Pertanto, il mio invito è quello di utilizzare gli elementi della teoria cognitivista per promuovere nel contesto classe
delle attività di allenamento di apprendimento di potenziamento che possono aumentare la velocità di elaborazione
ma anche la quantità di informazioni che possono essere elaborate contemporaneamente.
Un aumento di capacità sottende un miglioramento delle capacità di elaborazione con lo sviluppo i bambini riescono
ad elaborare contemporaneamente numerose informazioni mentre inizialmente tendono ad elaborare
un'informazione per volta abbiamo visto come con il modello di Piaget come questa tendenza ad elaborare
un'informazione per volta è una tendenza che contrasta il pensiero logico quindi un alunno che tende ad elaborare
una informazione alla volta non riesce a compiere dei ragionamenti di tipo causale e soprattutto ad organizzare in
maniera logica le informazioni.
Inoltre, e gli individui diventano sempre più rapidi nell'elaborazione delle informazioni e questa rapidità viene spesso
misurata in termini di tempi di reazione. Quindi quanto tempo impiega l'alunno a dare una risposta alle mie
sollecitazioni come insegnante. La velocità è associata ad una buona prestazione a livello cognitivo e il segreto sono
le strategie efficaci di elaborazione delle informazioni.
Quindi quello che voi dovete promuovere negli alunni sono l'utilizzo di strategie di elaborazione delle informazioni
che gli permettano di essere rapidi e gli permettono di elaborare il numero maggiore di informazioni possibili
contemporaneamente.
Fondamentalmente affronteremo insieme diversi meccanismi di elaborazione delle informazioni che cambiano nel
tempo. L'individuo esposto alle informazioni presentate nel contesto classe deve compiere tutta una serie di processi
cognitivi. In particolare, deve codificare le informazioni fornite dall'insegnante.
La codifica è un processo di trasformazione degli input sensoriali e migliora con la capacità di ignorare le informazioni
ridondanti e gli permette di focalizzarsi su quelle salienti.

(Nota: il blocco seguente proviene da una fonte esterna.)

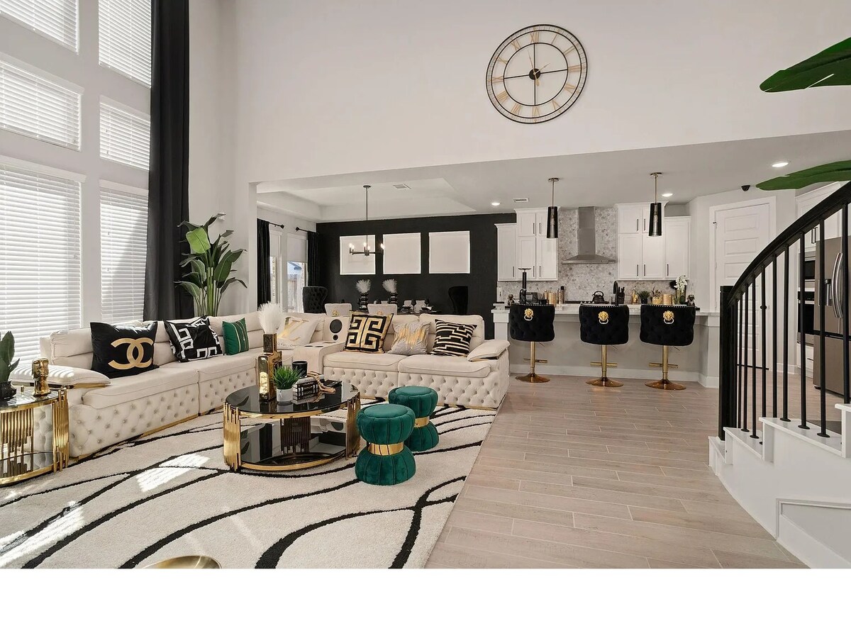 Retiro de lujo | 16 huéspedes | Sala de juegos | Cine | Oasis al aire libre Sumérgete en la relajación en este elegante refugio de 4 camas y 2 baños. La piscina privada, la acogedora chimenea, la sala de cine y la sala de juegos lo hacen perfecto para familias, amigos o viajes de trabajo. A pocos minutos del estadio NRG, el Centro Médico de Texas, el centro de Houston y más. ✨ Reserva ahora, esta estadía está hecha para impresionar.

Mentre voi state ascoltando il video delle mie lezioni vedrete come molte delle informazioni che io propongo sono di
natura ridondante, vengono ripetute.
Mentre ci sono delle informazioni nuove, informazioni che sono estremamente rilevanti. Il vostro compito sarà
pertanto quello di selezionare le informazioni rilevanti e di trasformarle in Significato ed elaborare il significato e
trasformarlo in rappresentazioni mentali che siano coerenti con le conoscenze che voi già possedete.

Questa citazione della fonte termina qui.